-- Input material --
****************
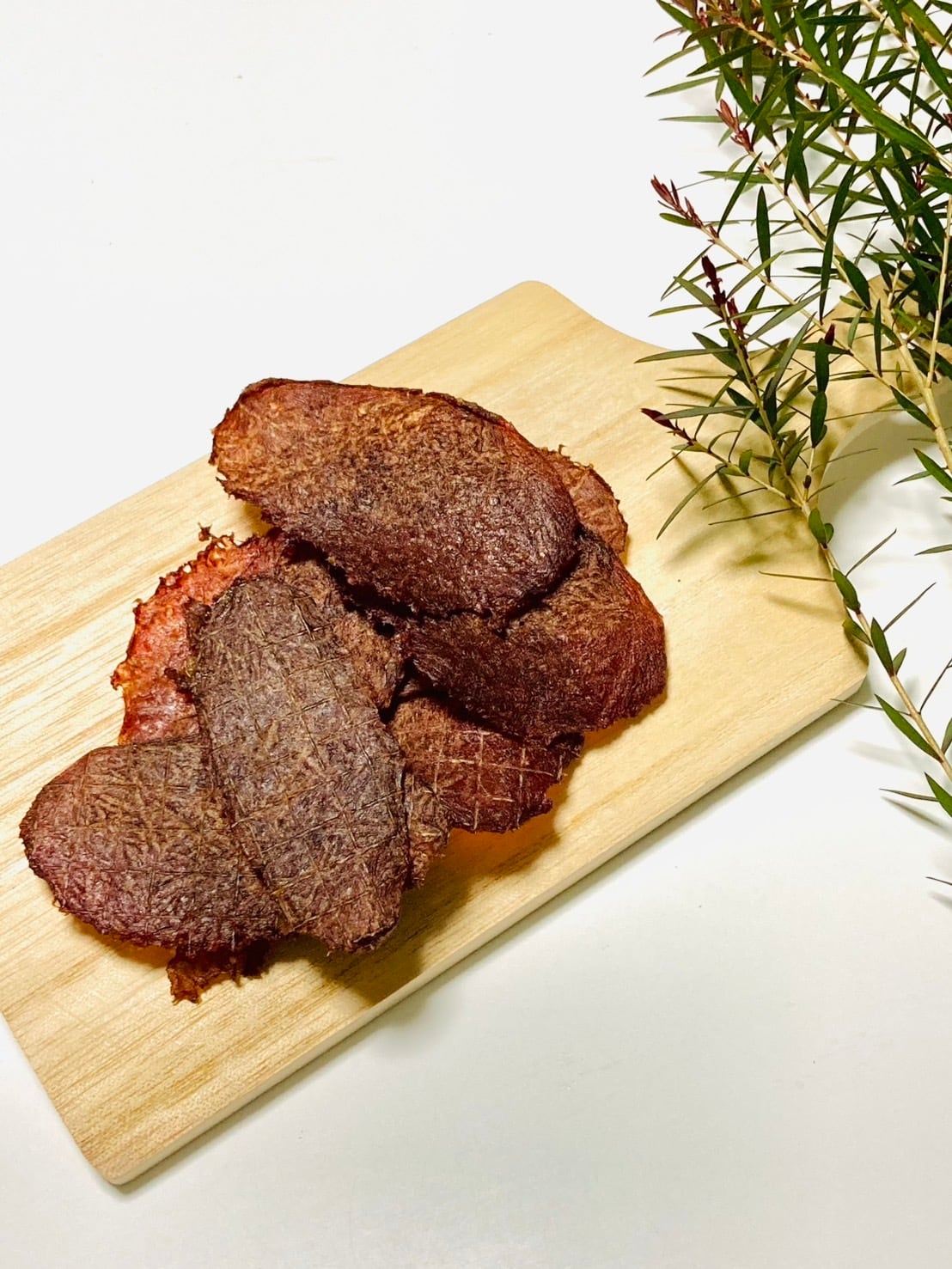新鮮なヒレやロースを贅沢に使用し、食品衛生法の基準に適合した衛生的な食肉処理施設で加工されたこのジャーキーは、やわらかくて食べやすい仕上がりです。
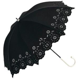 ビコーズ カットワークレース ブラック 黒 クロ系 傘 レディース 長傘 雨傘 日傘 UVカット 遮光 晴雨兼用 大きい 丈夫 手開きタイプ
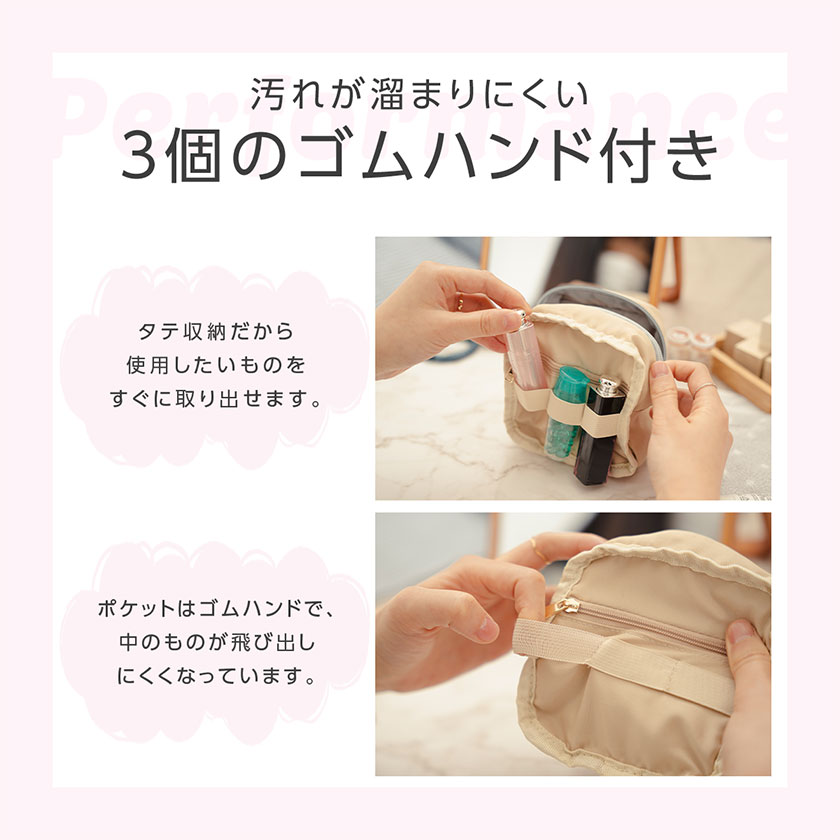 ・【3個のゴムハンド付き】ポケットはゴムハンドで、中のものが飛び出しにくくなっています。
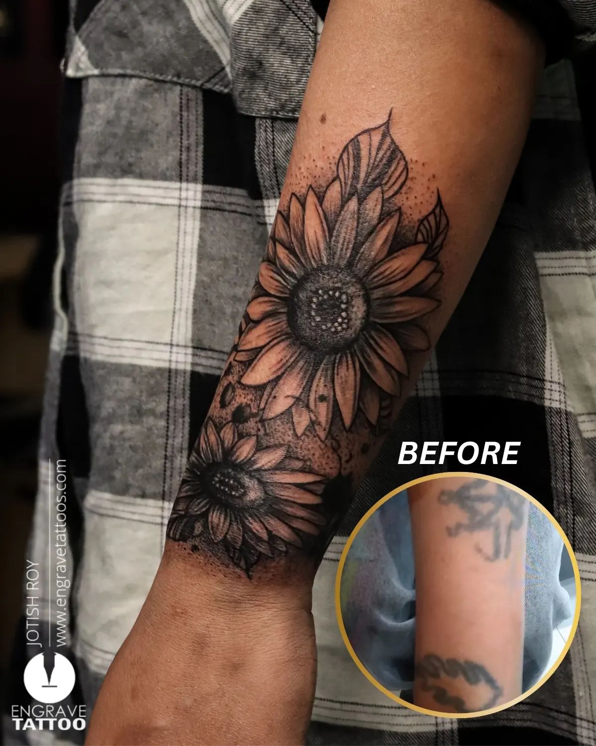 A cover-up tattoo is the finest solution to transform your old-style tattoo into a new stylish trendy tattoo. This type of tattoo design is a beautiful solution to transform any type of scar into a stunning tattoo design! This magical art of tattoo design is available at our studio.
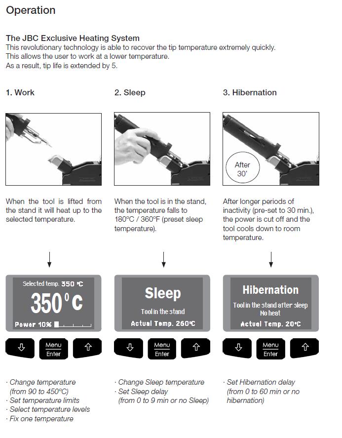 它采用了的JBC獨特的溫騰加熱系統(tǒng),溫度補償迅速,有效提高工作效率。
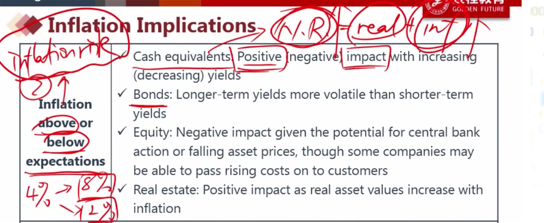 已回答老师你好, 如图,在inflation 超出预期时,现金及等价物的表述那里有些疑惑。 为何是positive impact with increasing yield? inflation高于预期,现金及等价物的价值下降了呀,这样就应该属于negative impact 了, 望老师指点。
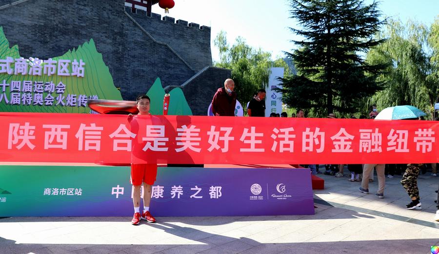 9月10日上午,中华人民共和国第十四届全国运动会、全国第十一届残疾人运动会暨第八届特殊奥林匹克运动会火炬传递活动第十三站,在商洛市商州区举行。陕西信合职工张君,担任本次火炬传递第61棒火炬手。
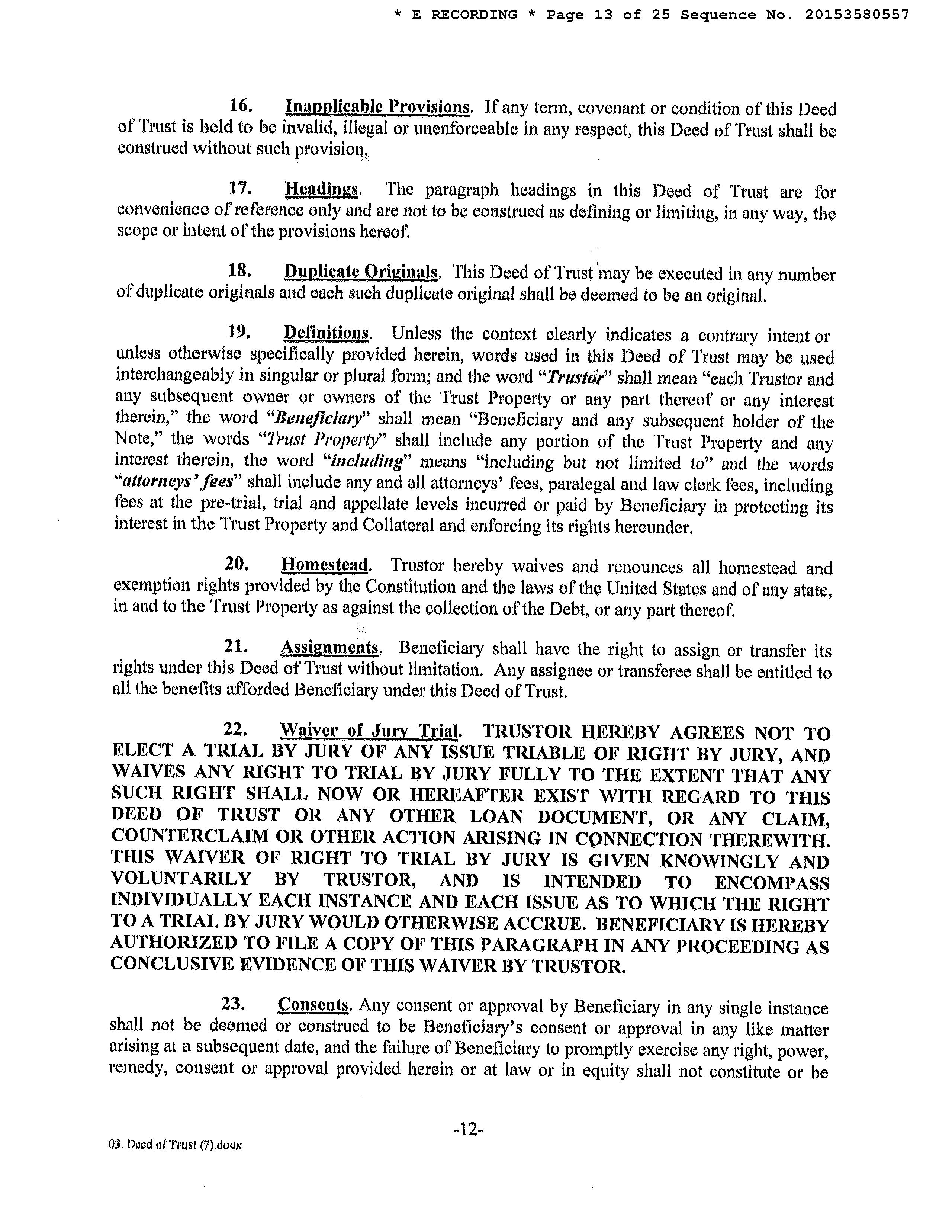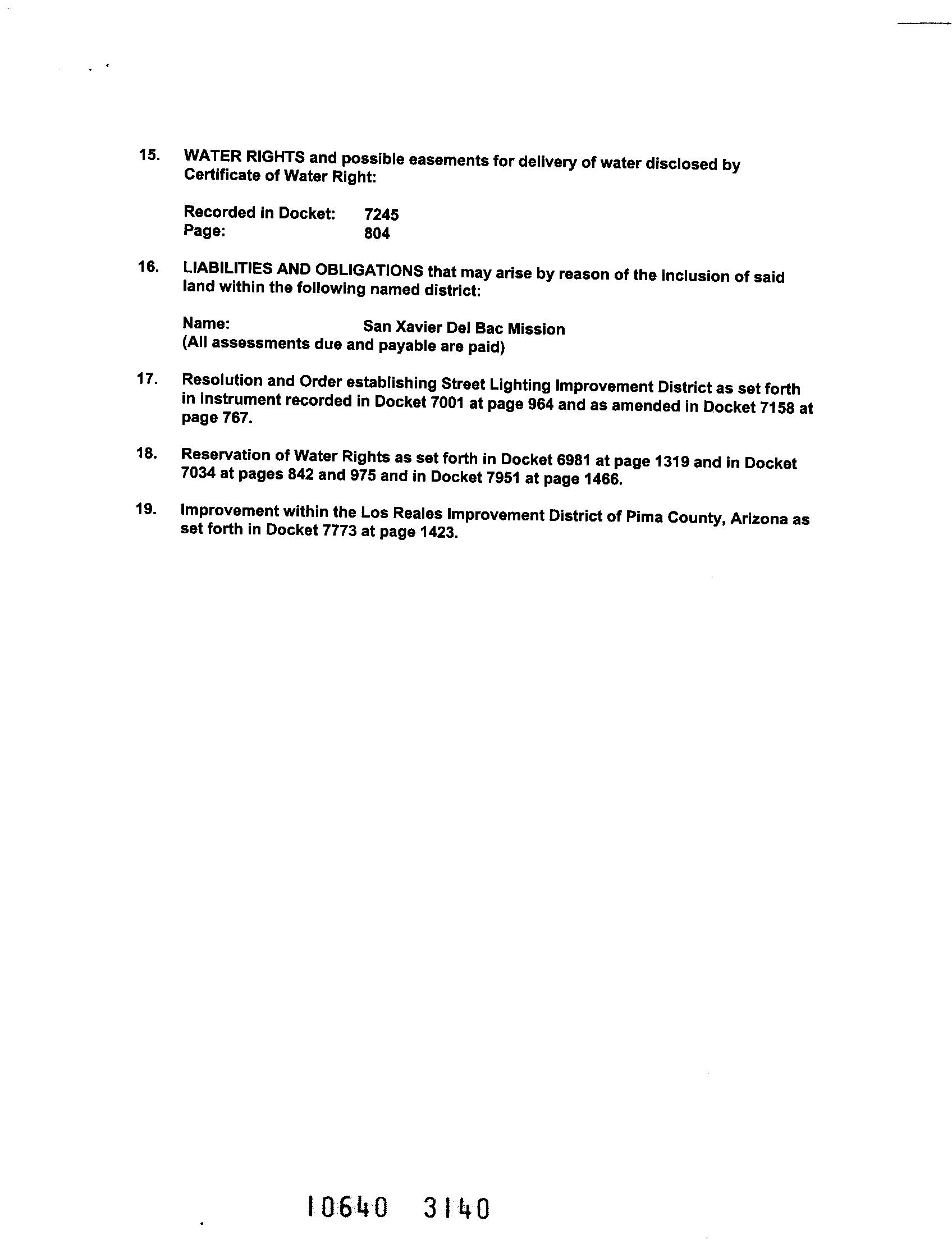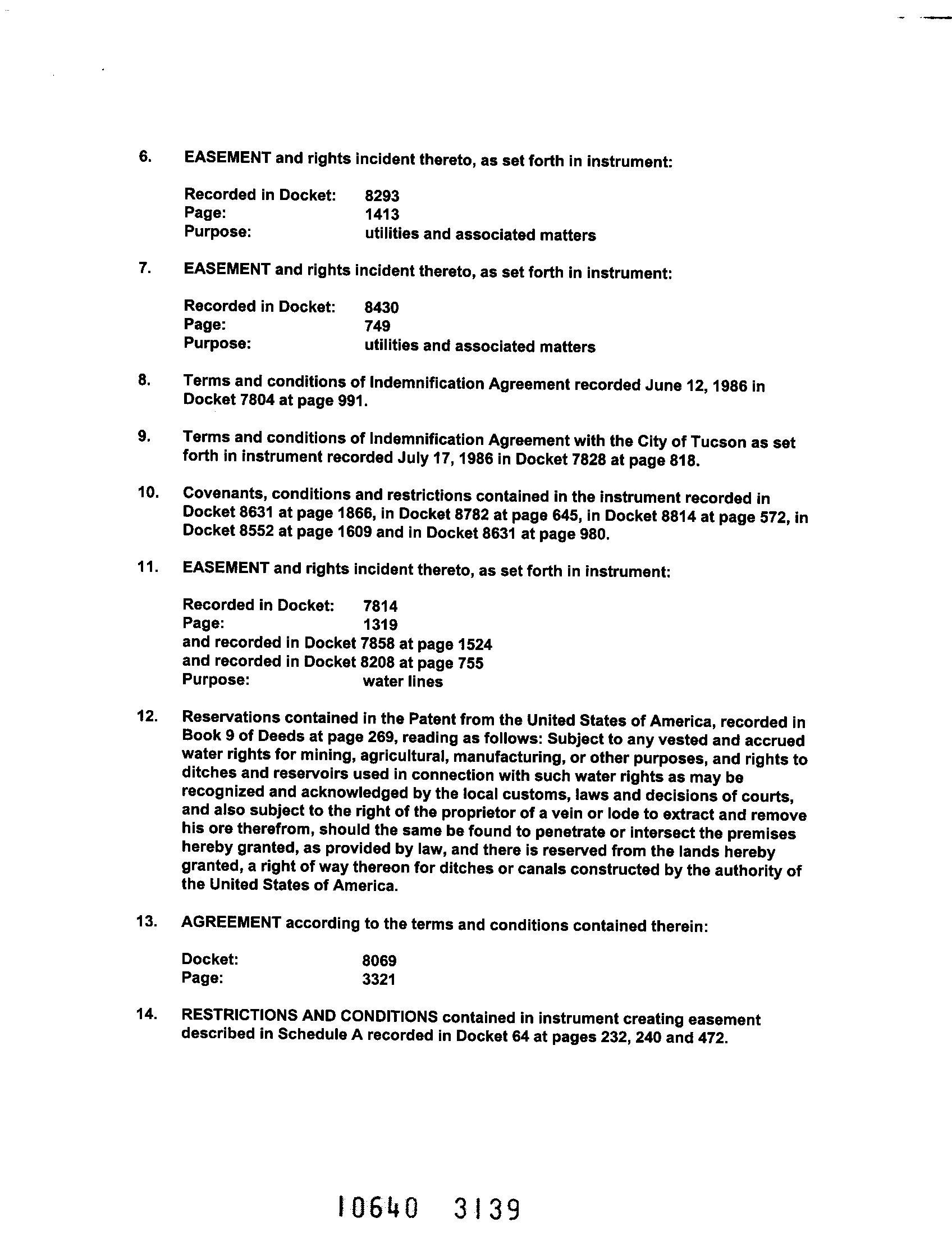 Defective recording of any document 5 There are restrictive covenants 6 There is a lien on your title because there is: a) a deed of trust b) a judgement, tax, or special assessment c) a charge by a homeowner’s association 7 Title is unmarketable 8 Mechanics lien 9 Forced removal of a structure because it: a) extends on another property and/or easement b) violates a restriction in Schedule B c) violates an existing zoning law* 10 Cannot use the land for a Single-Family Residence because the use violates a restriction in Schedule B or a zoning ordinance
****************
Write out exactly the lines above, from the very first through the line containing "9月10日上午,中华人民共和", both kept, with the pictures removed.

新鮮なヒレやロースを贅沢に使用し、食品衛生法の基準に適合した衛生的な食肉処理施設で加工されたこのジャーキーは、やわらかくて食べやすい仕上がりです。
 ビコーズ カットワークレース ブラック 黒 クロ系 傘 レディース 長傘 雨傘 日傘 UVカット 遮光 晴雨兼用 大きい 丈夫 手開きタイプ
 ・【3個のゴムハンド付き】ポケットはゴムハンドで、中のものが飛び出しにくくなっています。
 A cover-up tattoo is the finest solution to transform your old-style tattoo into a new stylish trendy tattoo. This type of tattoo design is a beautiful solution to transform any type of scar into a stunning tattoo design! This magical art of tattoo design is available at our studio.
 它采用了的JBC獨特的溫騰加熱系統(tǒng),溫度補償迅速,有效提高工作效率。
 已回答老师你好, 如图,在inflation 超出预期时,现金及等价物的表述那里有些疑惑。 为何是positive impact with increasing yield? inflation高于预期,现金及等价物的价值下降了呀,这样就应该属于negative impact 了, 望老师指点。
 9月10日上午,中华人民共和国第十四届全国运动会、全国第十一届残疾人运动会暨第八届特殊奥林匹克运动会火炬传递活动第十三站,在商洛市商州区举行。陕西信合职工张君,担任本次火炬传递第61棒火炬手。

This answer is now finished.